Thanks for this insightful post, Dmitry,

On Mon, May 11, 2015 at 5:44 AM, Dmitry Smirnov <onlyjob at debian.org> wrote:
> On Sat, 9 May 2015 16:00:49 Andreas Cadhalpun wrote:
>> What would you count as very compelling reasons if more features, less
bugs
>> and better security support are not sufficient?
>
> More features is not necessary means less maintenance burden;
> Less bugs is not always means better software (it is a matter of how
upstream
> manages bugs);
> Quality of security support is something that remains to be seen.

I think security is not a decisive topic where either project cannot
clearly claim of having a clearly better handle. These days, FFmpeg for
sure asks for most (if not all) CVE numbers recently assigned, and claims
to provide patches for them.

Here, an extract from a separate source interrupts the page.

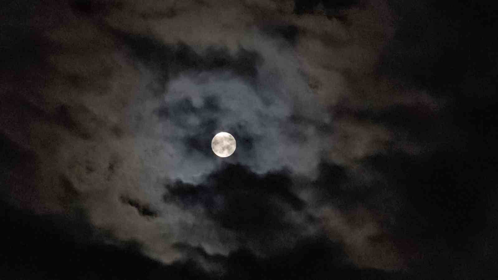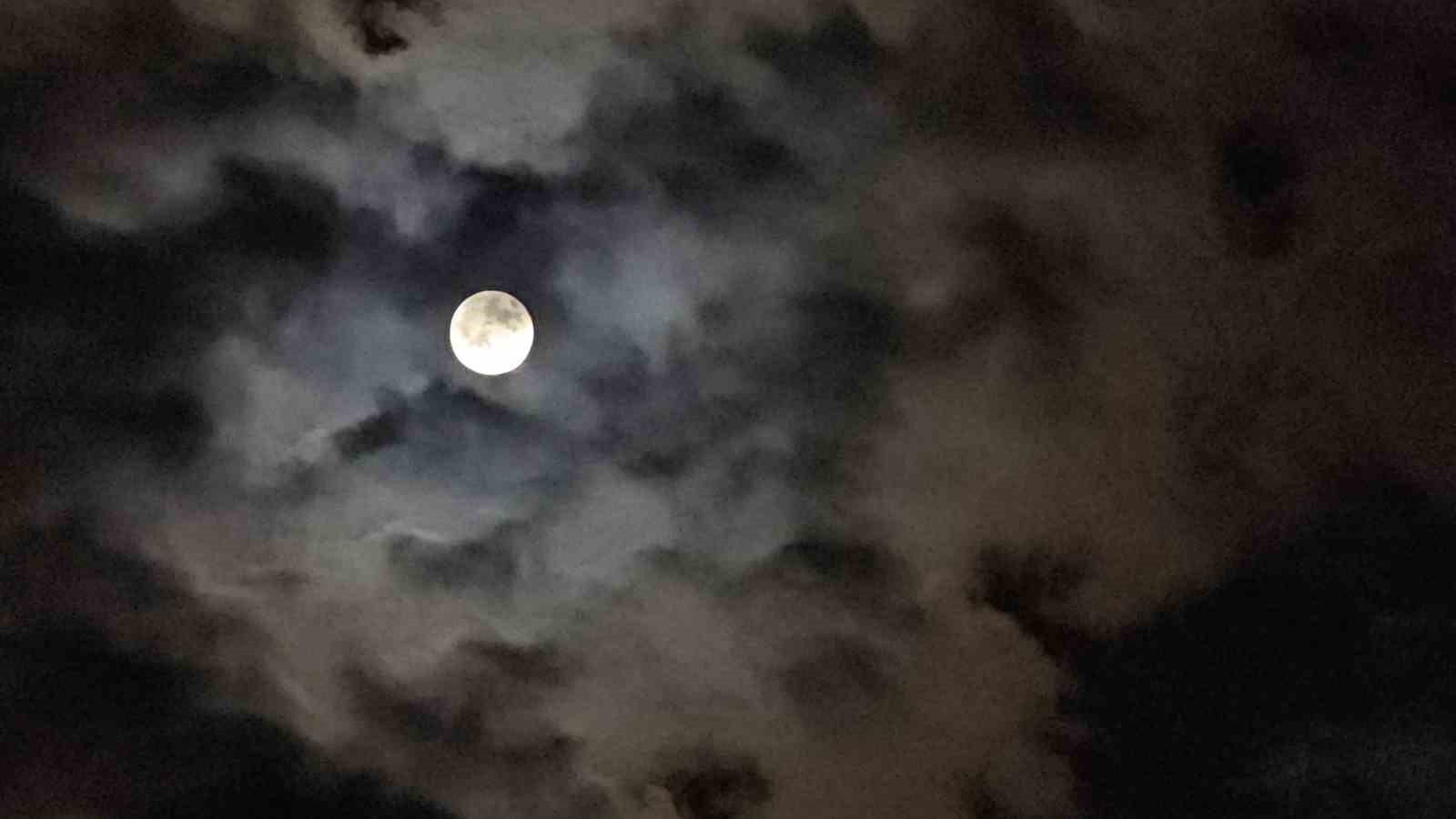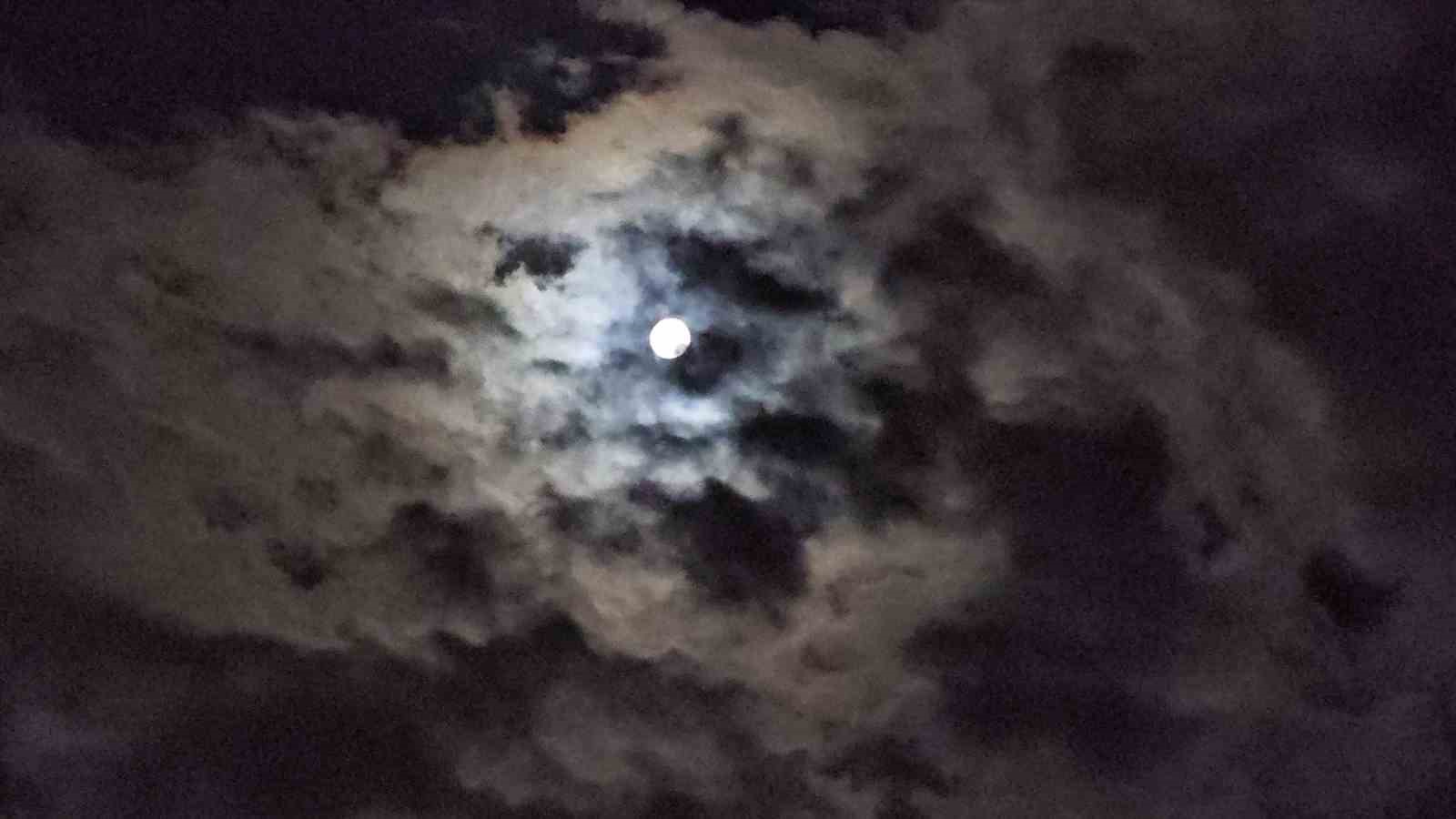 Elazığ’da Ay’ın gökyüzündeki bulutlar arasındaki geçişi hayranlık uyandırdı.

What is less visible is what happens behind
the scenes:

Most of these issues originate from Google Guys that work on security and
conduct fuzzing tests on libavcodec/libavformat. Their main target is of
course their own libavcodec/libavformat fork that they ship in Chrome, but
they (of course) also share their samples with both Michael (FFmpeg) and
Luca/Anton (Libav). Michael seems to have much more capacity and time, and
thus is usually faster with pushing patches for such crashers. Libav takes
the time to investigate, reproduce and understand those patches.
Unfortunately, in the majority of cases, this is not trivial at all, often
because of terse (or even wrong) commit messages, or the fact that there
are better places to fix a particular issue in the code. "Better" usually
means that more than a single instance of the issue is fixed.

Also, given that Libav supports significantly less codecs and formats (and
in some cases specific variants or features of codecs), many security
issues simply don't apply.

Libav could for sure do a much better job here by releasing faster. In the
past, I looked at doing new point releases about every 2-3 months, but for
family reasons, I wasn't able to keep that pace. Release frequency is
clearly something that needs improvement. As far as for the release
content, I am not aware of critical fixes being missed, so quality wise I
think we are good.

> I have a feeling that Debian already became life support for libav.
> Ever since Debian chosen libav, ffmpeg remained alive and apparently doing
> well without our help. I'm not too sure if libav would be able to stay
alive
> without Debian.

That's an interesting take on the matter. I don't think it is accurate; for
instance OpenEmbedded or Gentoo also ship Libav (in favor of FFmpeg), so
Debian&Ubuntu are clearly not alone. It is true that Libav owes the largest
portion of its userbase to Debian&Ubuntu, however even if Debian would stop
shipping Libav, then I doubt that this would threat Libav development in
any way.

>
> From maintenance prospective libav seems to be a liability. We have to
carry
> patches for packages where upstreams are not too concerned about
supporting
> libav.

This statement is a bit surprising to me. At the time Debian started to
ship Libav, there was absolutely *no* difference to FFmpeg. Since that,
many things have changed, and the two code-bases have diverged. While
FFmpeg started to merge as much functionality as possible, Libav focused on
maintainability, cleaned and straightened-up APIs and removed fringe codecs
and formats.

> Also in the light of past libav transitions and deprecations that required
> multiple changes in Debian and upstream I know no upstream who is happy to
> support libav.

In practice, maintainability means something different for an upstream
project and a distribution package. While upstream developers extend, fix
and refactor the code-base,as package maintainers we make sure that the
libavcodec package works fine with all applications that make use of it.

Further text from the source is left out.